▶ _WORK REQUIRED_:
Return all of the data below verbatim and exclude every picture.

▶ _COLLECTED MATERIAL_:
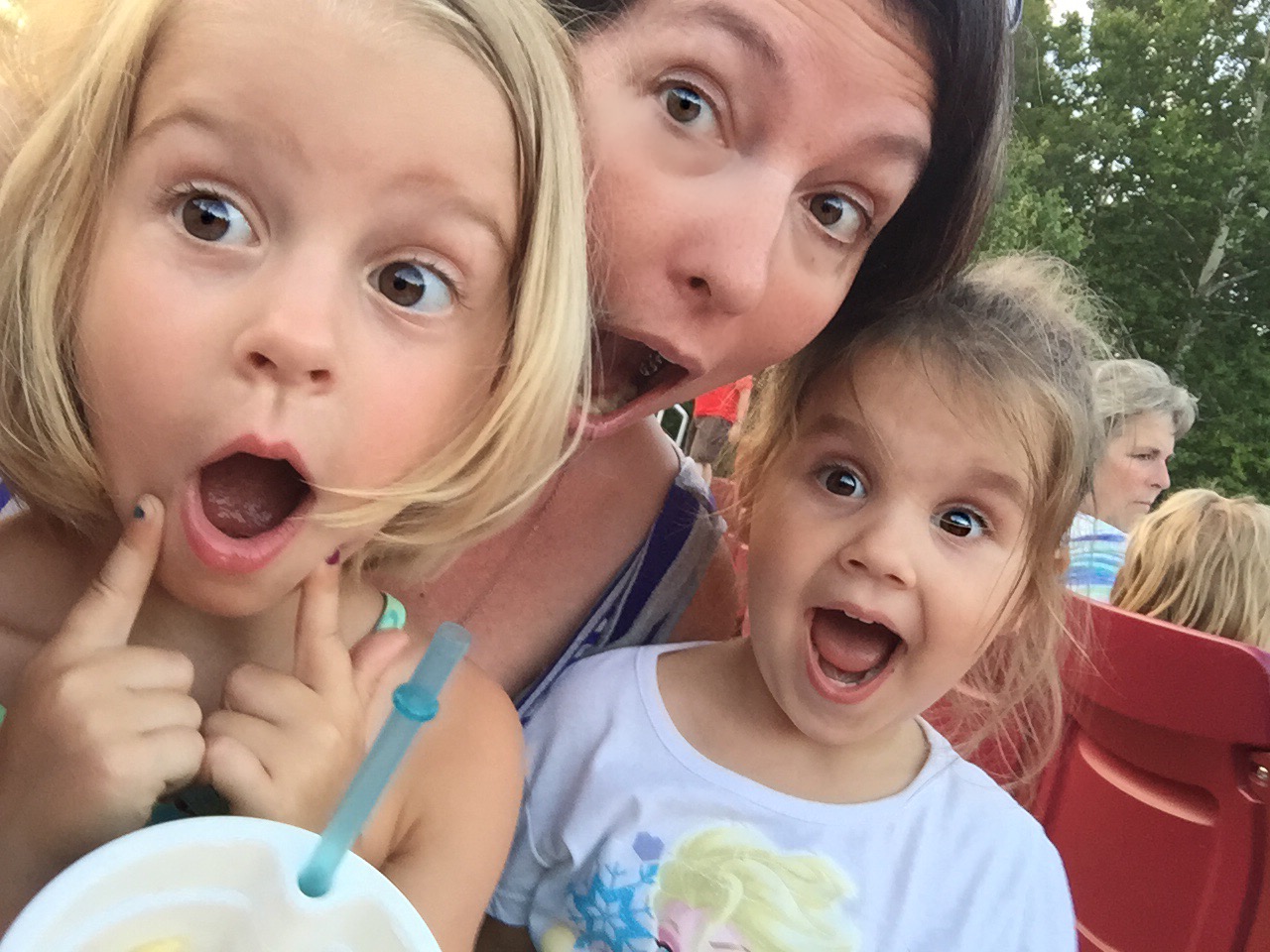 Then my sister and I took our little ones to the showing of Disney’s Frozen at the local amphitheater. My niece posed with Elsa and Anna, teenagers volunteering their time and impressive makeup and musical talent, and Olaf, the most unlucky volunteer who had to wear a snowman costume in 90 degree heat while posing for photos with preschoolers for hours. (There is a special place in heaven for Olaf for sure.) The kids had a blast. It was a great fundraiser for Children’s Miracle Network, and as we waited for darkness to fall, I thought of my girls and my illness, and wondered if the lessons I’m trying to instill in them are sticking. We watched the blue moon, which was ironically brilliantly orange, rise between the trees, and the movie finally began. Every part of me hurt. My ankles, knees, spine. I couldn’t even open my right eye. The kids lasted through “Let It Go,” and, yes, the entire stadium of euphoric little girls sang and danced in full interpretational style. By the time Elsa had let her hair down and created her castle, our kids were done, and I was secretly relieved. My entire body was screaming in pain.
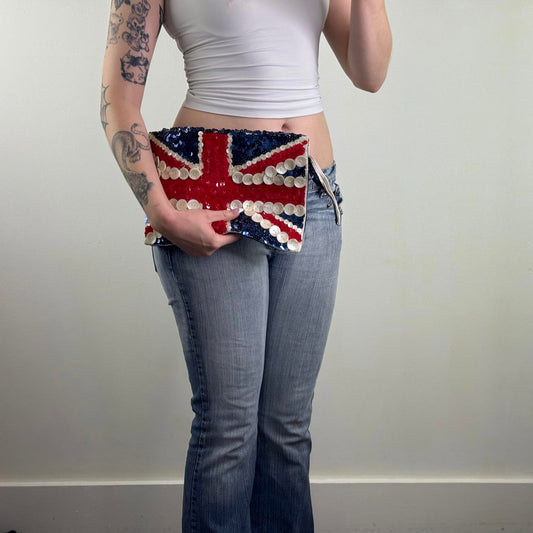 Y2K vintage Union Jack sequin clutch bag buttons beaded party wristlet
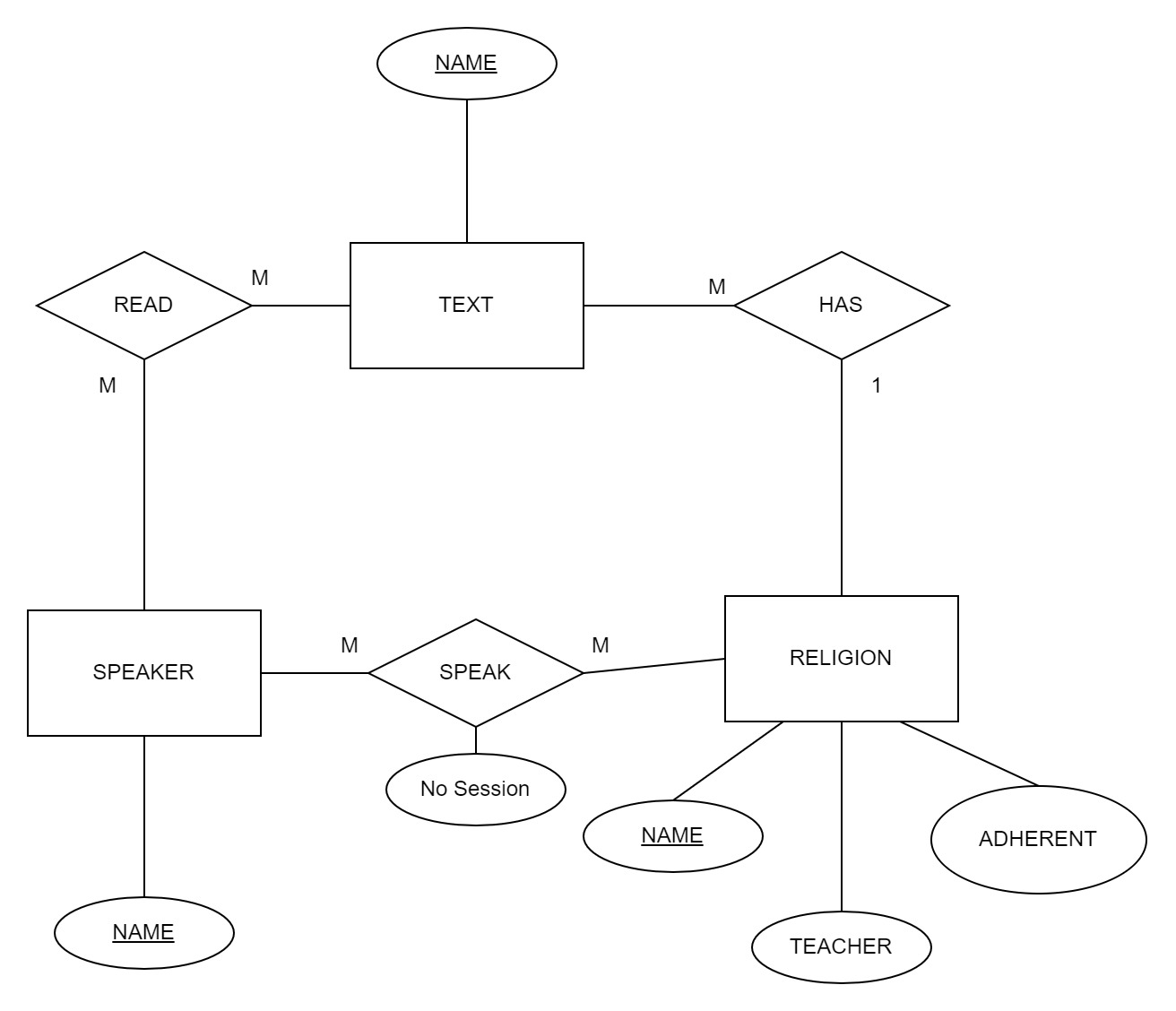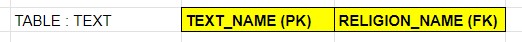 จากตัวอย่างเราจะเห็น Relationship : HAS ที่เกิดจาก Entity : RELIGION กับ Entity : TEXT เป็น 1 to M ซึ่งจะทำให้เราแก้ไข Table : TEXT เป็น

▶ _RESPONSE BOX_:
 Then my sister and I took our little ones to the showing of Disney’s Frozen at the local amphitheater. My niece posed with Elsa and Anna, teenagers volunteering their time and impressive makeup and musical talent, and Olaf, the most unlucky volunteer who had to wear a snowman costume in 90 degree heat while posing for photos with preschoolers for hours. (There is a special place in heaven for Olaf for sure.) The kids had a blast. It was a great fundraiser for Children’s Miracle Network, and as we waited for darkness to fall, I thought of my girls and my illness, and wondered if the lessons I’m trying to instill in them are sticking. We watched the blue moon, which was ironically brilliantly orange, rise between the trees, and the movie finally began. Every part of me hurt. My ankles, knees, spine. I couldn’t even open my right eye. The kids lasted through “Let It Go,” and, yes, the entire stadium of euphoric little girls sang and danced in full interpretational style. By the time Elsa had let her hair down and created her castle, our kids were done, and I was secretly relieved. My entire body was screaming in pain.
 Y2K vintage Union Jack sequin clutch bag buttons beaded party wristlet
 จากตัวอย่างเราจะเห็น Relationship : HAS ที่เกิดจาก Entity : RELIGION กับ Entity : TEXT เป็น 1 to M ซึ่งจะทำให้เราแก้ไข Table : TEXT เป็น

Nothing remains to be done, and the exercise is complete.